Manually Topic Modeling Panama Papers News Coverage

Created by Brandon Locke
Maintained by LEADR under the direction of Alice Lynn McMichael
Last Updated: 12/16/2017

Learning Goals

Demonstrate in simple language how topic modeling works

Gain first-hand experience in locating and recognizing topics within a text

Know strategies for analyzing corpora and investigating research questions with Topic Modeling Tool results

“Panama Papers” News Story

The “Panama Papers” were about 12 million leaked documents that shed light upon people around the world who were hiding money in offshore entities through the Panamanian company Mossack Fonseca. The news coverage in the immediate aftermath of the leak tended to focus on a wide range of issues from the technical aspects of a hack to the implications of various world leaders and celebrities who were exposed. In the weeks following the leak, I selected 34 articles about the issue and extracted the text content into text files (see articles below.)

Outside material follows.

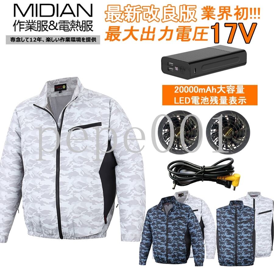 MIDIAN 空調作業服 作業服 ベスト ファン 20000mAh バッテリー セット 12V/17V ファン付き 現場工事 熱中症対策 釣り ゴルフ 猛暑対策 作業着 夏用防暑服

Manual Topic Modeling Activity

Prior to class: Read Brett, Megan R. “Topic Modeling: A Basic Introduction.” Journal of Digital Humanities.

Slides are available here

Topic Modeling is an algorithm that finds “a recurring pattern of co-occurring words” in a corpus of text. This does take overall usage of a word across the entire corpus into consideration, so words used often in many documents will not appear in every topic. So, for example, “Panama” will almost certainly be used at least once in every article — the average is about 6.3 times per article. However, “Panama” will only be included in an article’s keywords if it’s used a significant amount of times and has close usage relationships with other words.

Today you’ll skim a few articles and try your best to imitate topic modeling algorithms. Your assigned articles can be found below.

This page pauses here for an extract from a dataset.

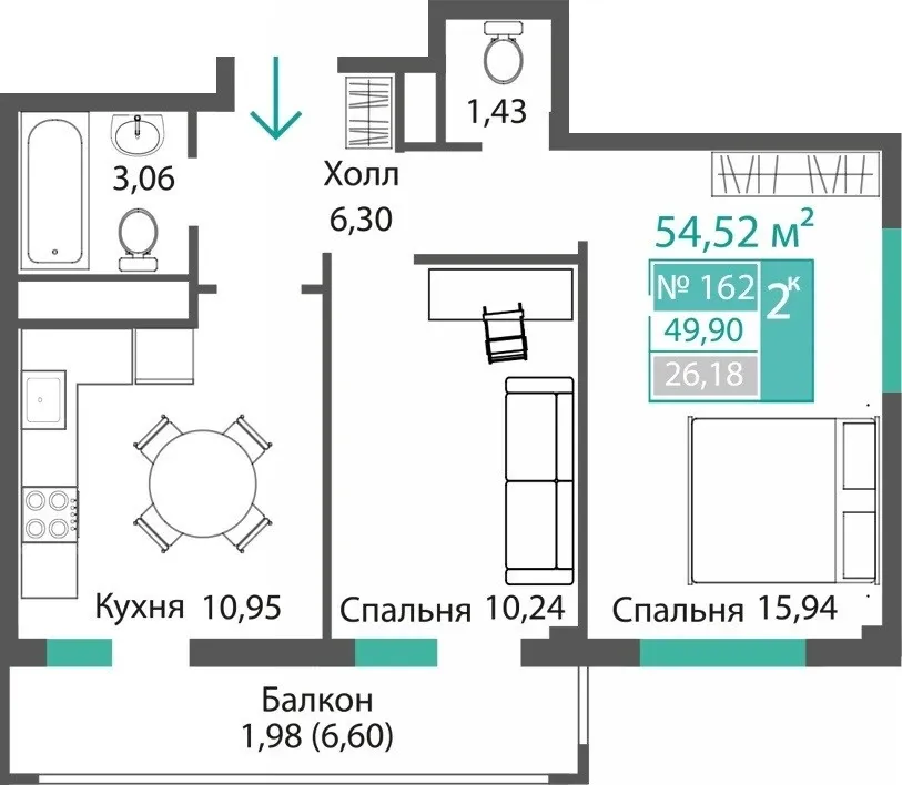В продаже — 1 и 2-комнатные квартиры с продуманными, функциональными планировками. Ни одного лишнего метра — только пространство, которое работает на вас.

Before you start reading your articles, take a look at the total word usage for all 34 articles (stop words removed). Once you have glanced at the list, read your first article. Write (or type) out words that seem unique to the article. This means words that are used disproportionally more often in your article than in others in the corpus. Remember, you’re only looking at words used, not concepts or themes that you’re able to discern from them. You’re imitating a computer algorithm, and algorithms are not particularly smart. Once you’ve finished your first article, do your second.

Do your words seem to make sense as one or more topics, or do they seem to be random?

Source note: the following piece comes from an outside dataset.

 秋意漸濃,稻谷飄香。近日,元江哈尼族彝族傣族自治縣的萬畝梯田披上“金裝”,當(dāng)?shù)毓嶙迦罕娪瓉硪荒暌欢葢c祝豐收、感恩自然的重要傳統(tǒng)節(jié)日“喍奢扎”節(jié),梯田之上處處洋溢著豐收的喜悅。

Comparing and Analyzing Results

I used Topic Modeling Tool (TMT), an easy-to-use tool for using MALLET for topic modeling. TMT produces a set of CSV files and a set of HTML files with your output. Take a look at these results with 20 topics. (Remember, these aren’t labeled topics, they’re clusters of words that likely represent a topic.)

Are there any identifiable “topics” here? Are there any “topics” that don’t seem to make sense?

If you click on one of the topics, you’ll see the list of documents ordered by how closely each document corresponds with the topic. The number in parentheses is the number of times words in the topic appear in the document. Now click on one of the text files. This will show you the full text of the file, and it will also show the topics that align closely with your topic.

Take a few minutes and explore these results. Click through the network of topics and documents and see if you can find any patterns. Look at the articles you read and see how closely your results matched the TMT results.

Once you’ve examined the results with 20 topics, take a look at the same articles run with 40 topics.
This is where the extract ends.